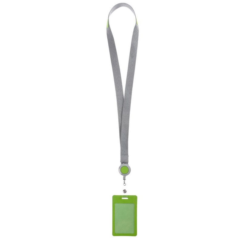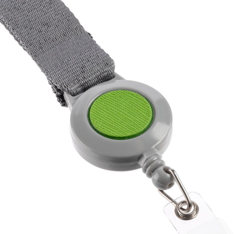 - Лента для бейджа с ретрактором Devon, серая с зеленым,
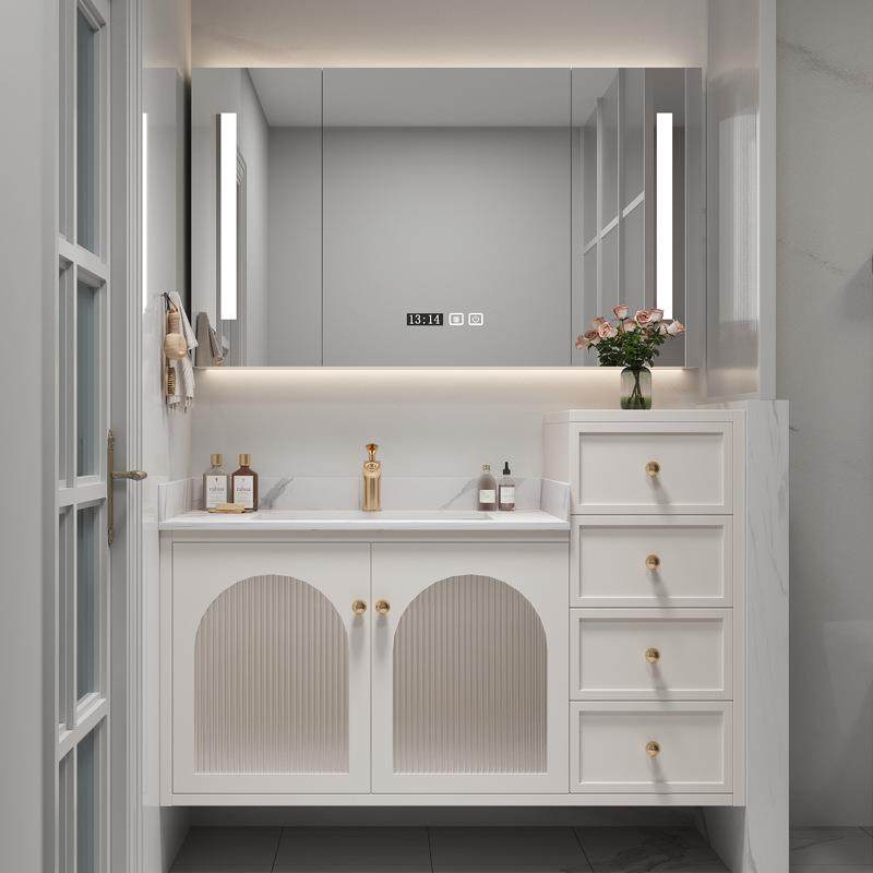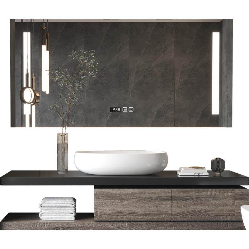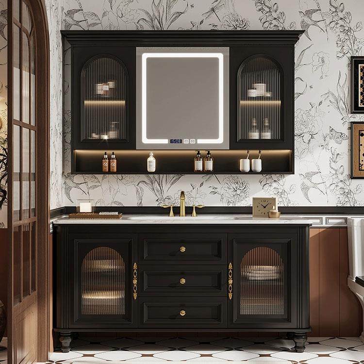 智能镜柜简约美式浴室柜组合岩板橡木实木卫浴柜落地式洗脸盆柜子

...

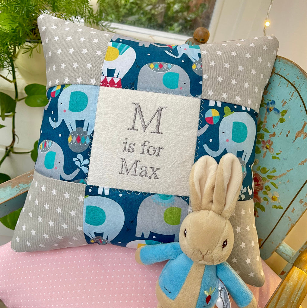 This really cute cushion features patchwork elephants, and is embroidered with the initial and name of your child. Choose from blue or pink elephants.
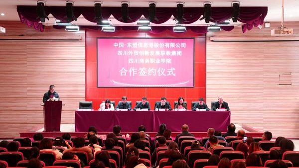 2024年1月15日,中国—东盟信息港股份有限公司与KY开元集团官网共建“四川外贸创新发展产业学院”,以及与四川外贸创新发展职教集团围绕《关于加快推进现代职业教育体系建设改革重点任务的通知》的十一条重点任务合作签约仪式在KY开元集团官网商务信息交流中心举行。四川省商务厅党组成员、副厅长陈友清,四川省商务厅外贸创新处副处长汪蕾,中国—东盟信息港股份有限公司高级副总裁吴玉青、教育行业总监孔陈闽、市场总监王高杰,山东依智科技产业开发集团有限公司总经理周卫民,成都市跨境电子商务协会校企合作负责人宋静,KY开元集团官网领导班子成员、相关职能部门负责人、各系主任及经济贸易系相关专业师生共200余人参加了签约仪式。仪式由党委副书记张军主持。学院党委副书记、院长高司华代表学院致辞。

#### What to do
The stretch to restate runs from the line above containing "- Лента для" through the line containing "智能镜柜简约美式浴室柜组合岩板橡木实木卫浴柜落地式洗脸盆柜子". Copy it word for word, ends included, without pictures.

#### Response for this exercise
 - Лента для бейджа с ретрактором Devon, серая с зеленым,
 智能镜柜简约美式浴室柜组合岩板橡木实木卫浴柜落地式洗脸盆柜子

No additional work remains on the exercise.